Tehran and Muscat have for decades maintained close relations, a tradition that was upheld even after the 1979 Iranian Revolution.
Some concern had already been sparked by recent news of the sultan's deteriorating health after a long battle with colon cancer. The iconic mediator played an effective role in the most contentious Iran-related cases on the international stage, from the marathon nuclear negotiations between Tehran and world powers — which involved historic direct Iran-US talks — to the release of American prisoners over the years.
Under Qaboos, Oman managed to adhere to impartiality in its foreign policy and was sometimes called the “Middle East’s Switzerland.” Unlike Persian Gulf Arab states, Muscat maintained its support for Tehran at the height of tensions, which saw the Islamic Republic of Iran at odds with most of Washington’s regional allies. Iran appears to have understood and appreciated the value of such backing at a moment of crisis.
In a rare revelation in June 2015, Iran’s Supreme Leader Ayatollah Ali Khamenei alluded to Omani-mediated backchannel talks between Tehran and Washington without openly naming Qaboos: “One of the esteemed leaders in the region visited Tehran relaying the message from US President [Barack Obama] that they are willing to resolve the nuclear issue with Iran and lift the sanctions.”
In a sealed letter only opened after his death, the veteran mediator named his 65-year-old cousin and former culture minister, Haitham bin Tariq Al Said, as the successor to the throne. The new sultan was officially sworn in Jan. 11, and a cloud of uncertainty continues to shroud the trajectory of Iran-Oman relations.
The new leader is facing tough economic and foreign policy decisions, among other challenges. The country’s annual economic growth rate plummeted to a record negative 0.9% in 2017, down from a positive 5% only a year earlier. Muscat, at the same time, has to tackle security threats and keep itself immune to the flames of all-out conflicts in a combustive Middle East.
Representing the Islamic Republic, Foreign Minister Mohammad Javad Zarif attended Qaboos’ funeral and sat down with the new leader Jan. 12. Five days before the meeting, Zarif’s Omani counterpart, Yusuf bin Alawi, was in Tehran, a destination he has visited frequently in recent years. Alawi landed in the Iranian capital again Jan. 21, marking his first trip in the reign of the new sultan and in the aftermath of renewed US-Iran escalation triggered by the assassination of top Iranian commander, Maj. Gen. Qasem Soleimani. The US strike that killed Soleimani near the Baghdad International Airport prompted Tehran to retaliate with a missile strike on US facilities at Ain al-Assad Air Base in Iraq.
According to a senior diplomat with Iran’s Foreign Ministry, Muscat has proven its goodwill to Tehran during the course of yearslong friendly ties.
“After the assassination of Soleimani, the Omanis immediately contacted Iran, asking it to exercise restraint in its response to the attack,” he said.

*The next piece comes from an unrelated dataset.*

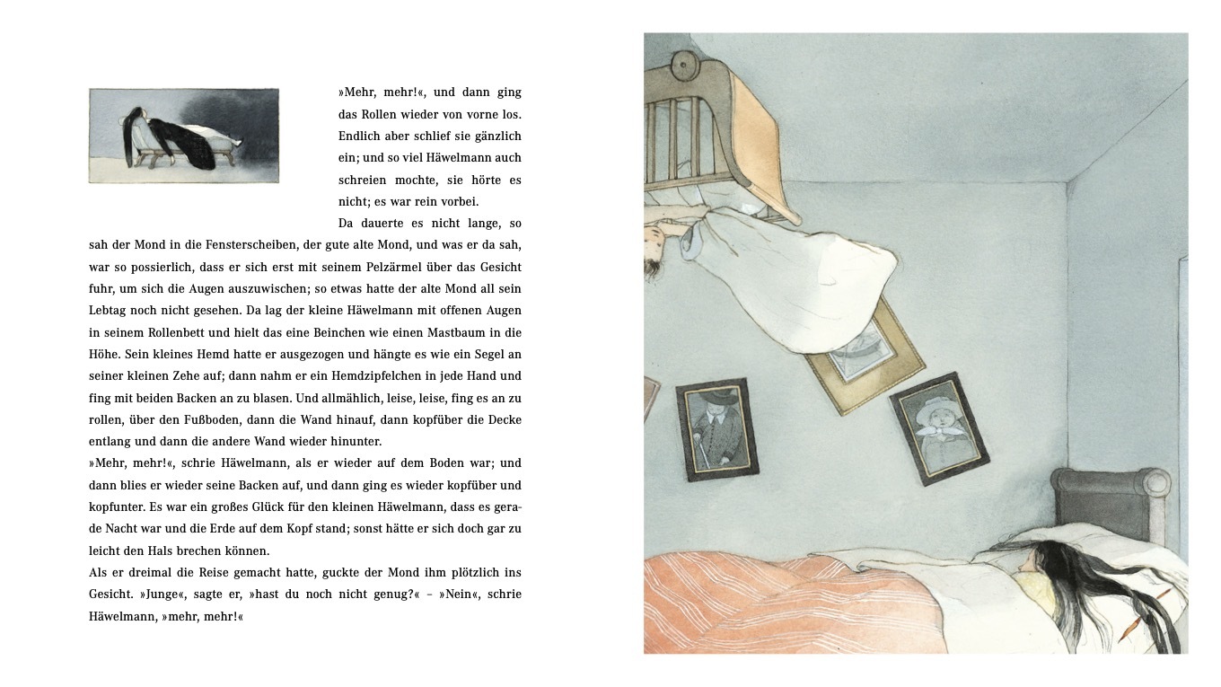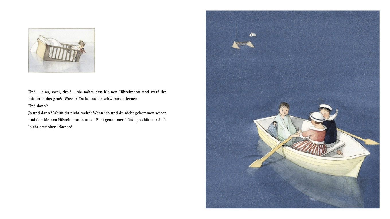 Der kleine Häwelmann kann nicht einschlafen. Er möchte, dass seine Mutter ihn in seinem Bettchen herumschiebt. Doch die schläft schon. Da verwandelt der Junge sein Bett in ein Traumschiff, sein Nachthemd wird zum Segel. Der Mond selbst schickt einen Lichtstra...

The diplomat, who requested anonymity, also told Al-Monitor of the Omani foreign minister’s latest mission in Tehran, where he conveyed a US offer for talks with the Islamic Republic.
“But no one in Tehran takes into serious consideration US willingness for negotiations,” the diplomat said, adding that such offers are interpreted by the Iranian leadership as more of a public relations gesture than a genuine desire to defuse tensions. “We told the Omanis, with all due respect, that given the current circumstances Iran does not see a minimum level of serious willingness on the part of the United States for de-escalation.”
Persian Gulf affairs analyst and journalist Kamran Karami discussed with Al-Monitor the question of whether Oman is likely to continue the style of mediation characteristic of Qaboos in Iran-involved issues.
“Unsurprisingly, Saudi Arabia and the United Arab Emirates will tend to make use of the new political order in Oman for their own interests,” Karami said. “In addition, given the economic challenges Oman’s new sultan is facing, it is likely that the country’s foreign policy will become less balanced in the years to come.”
Another variable to be taken into account in Oman’s foreign policy is the country’s traditional ties with the United Kingdom. With its divorce from the European Union now official, the UK could seek to strengthen its influence in the Middle East and, in turn, Oman’s foreign policy.
“Unfortunately, Tehran did not reap enough fruit from its cordial ties with Muscat during the reign of Sultan Qaboos,” former Iranian Ambassador to Jordan Nosratollah Tajik said in an interview with Al-Monitor. “We could have expanded economic ties with Oman to increase the interdependency.”
In spite of that, according to the retired diplomat, there is sufficient cultural, geopolitical, demographic and political common ground between the two that would make Muscat unlikely to change its friendly approach toward Tehran.
In its assessment of the new order in Oman, the Islamic Republic is expected to travel the extra mile to preserve the traditional amity, as it understands that regional rivals may not wait long before seeking to pull the new Omani government into their own club to intensify the already-mounting pressure on Tehran.